Petaluma Bounty farm honors MLK with day of service

Dozens of volunteers spent Martin Luther King Jr. Day assisting the nonprofit with a “day on” dedicated to the famed civil rights leader.|

Suzi Grady is trying to avoid puns these days, but when the teachings of Martin Luther King Jr. collide with volunteerism on a farm, it’s hard for her not to.

Petaluma Bounty, the community farm dedicated to creating self-sustaining food for low-income consumers, hosted a day of service on Monday as an offshoot of the national initiative to make MLK Day a “day on,” rather than a day off. In 1994, Congress designated the federal holiday as a nationwide day of service.

As Bounty’s program director, Grady sees the holiday as a chance to not only recruit new volunteers, but to spread a message of equality through the humility that comes from laboring in a field with strangers from different backgrounds and ethnicities.

Unfortunately, using a pun is the best way Grady can describe that sentiment.

“We’re planting the seed for deeper conversations about what we need to do as a community to address things that relate to poverty, racism, discrimination - even within our own neighborhoods and families,” she said. “We meet people where they’re at. We don’t try to force some of these harder conversations, but we invite them to consider it.”

About 50 volunteers were expected to shuffle in throughout the day, said Kaleigh Spollen, Bounty’s education and engagement coordinator.

Some, like Casa Grande High School freshman Maile Hill, came to earn some volunteer hours for her human interactions course.

Others, like Gwen Marinozzi, came with her employer Williams-Sonoma for a day of corporate team-building. And then there were a few workers like her son, Caden Marinozzi, that didn’t really have much of choice.

The three of them washed hundreds of reusable pots that will be used at the Bounty’s farm stand in the spring. They talked about King’s iconic “I Have a Dream” speech while they worked, and later observed a moment of silence with the rest of the helpers.

“It feels good to give back,” Gwen Marinozzi said.

Monday was Bounty’s first volunteer day of the year, which meant most of the work was foundational, using the influx of hands to complete a lot of the initial dirty work that leads to a bountiful harvest, Spollen said.

The community garden where Petaluma residents are invited to plant and harvest their own produce was cleared out and prepped for a new year. The farm stand was also cleaned and reset.

Mulch was laid throughout the grounds and, once the organic waste had been removed from the orchard, wood chips were spread along the grove of fruit trees.

Efforts to disrupt weed growth and ensure the farm functions without herbicides were undertaken. With a small operation and low overhead costs, Bounty abstains from using chemicals, Grady said.

The ground was still soft from last week’s storms, and large puddles filled the access road to the farm on Shasta Avenue. Still, blue skies and warm sun made the work easier.

“We could not have asked for better weather,” Spollen said.

For Grady, the hope for the annual day of service is to combine the values of Petaluma with a message that aligns with continued progress.

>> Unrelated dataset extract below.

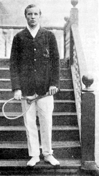 Kenneth Powell (1885-1915), English athlete and tennis player, participant in the 1908 Olympics and 1912 Olympics

“With so much intense and negative news going on with climate change and the negative impacts of globalization and the resurgence of us-versus-them thinking, this is a way to come together and affect change in small incremental steps,” Grady said. “We really want to grow peoples’ appetites for these conversations, and know that there’s hope and positive outlets for these larger-than-our-generation’s issues.”